Kurşunlara, kahpeliğe gövdesini siper eden anaya, 
çocuğunun cansız bedenini bir çuvalın içinde sırtlamış babaya gelmedi.

Siyahi derisi onlarca sineğe ev olan çocuklara da gelmedi.
Bir türlü sütle dolamayan memesini "belki tek damla" umudu ile inatla bebeğinin minik ağzına tıkan genç kadına de gelmedi..

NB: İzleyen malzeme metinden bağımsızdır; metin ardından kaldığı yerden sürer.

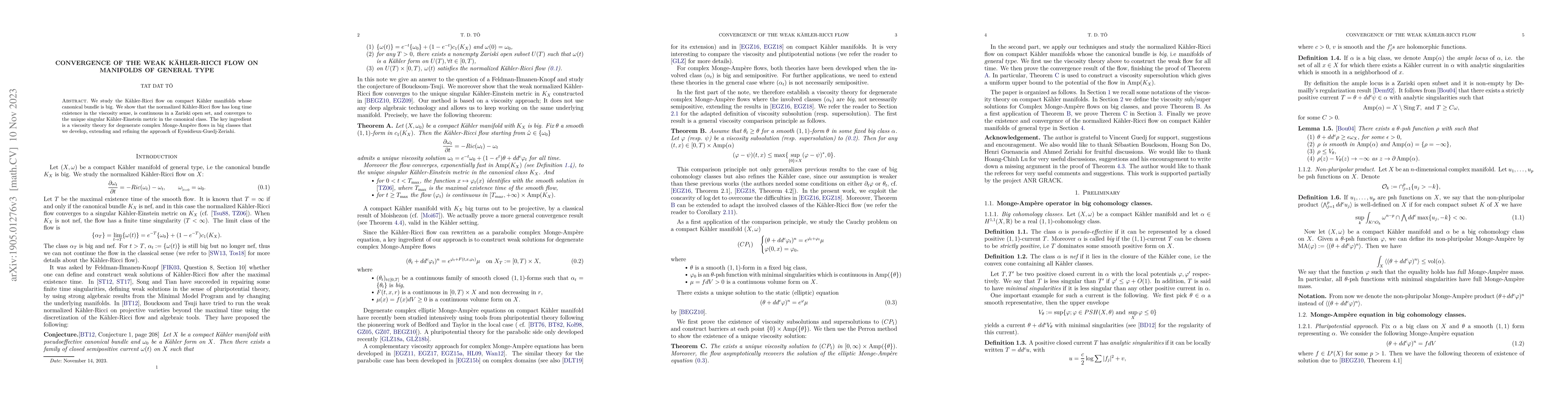 This paper demonstrates the long-time existence and convergence of the normalized Kähler-Ricci flow on compact Kähler manifolds with big canonical bundles, establishing continuity and convergence to a singular Kähler-Einstein metric, underpinned by a new viscosity theory for degenerate complex Monge-Ampère flows.
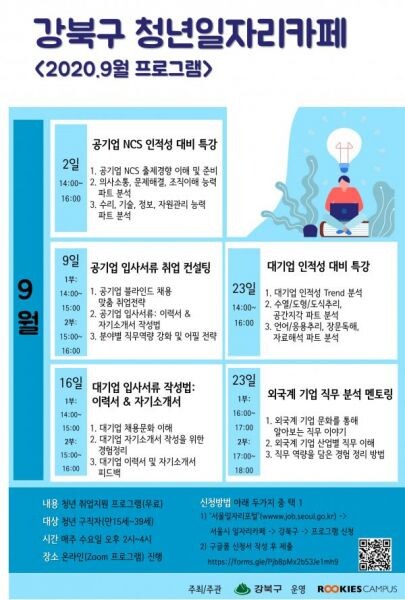[무한뉴스] 강북구가 신종 코로나바이러스 감염증 확산에 따른 취업 준비생의 어려움을 해소하기 위해 9월 청년일자리카페 취업지원 프로그램을 비대면 운영한다.

Zulüm altında dua edenlere, susuz kuyuların başında umutla bekleyenlere, tüm bunlara üzülen, bir şey yapamamanın utancını zehir gibi kalbinde taşıyanlara gelmedi, gelemedi.....

***
Bizim evde de sadece takvim sayfasına geldi.
Ömrümün yarısı nicedir yataklarda, bu yüzden çocuklarıma da gelmedi
.
Aybige'm sevdiğini, eşini kaybetti. Ona gelmedi

Evde nicedir boş duran şekerliğe geldi ama.
 Taze kahve dolan kavanoza da geldi.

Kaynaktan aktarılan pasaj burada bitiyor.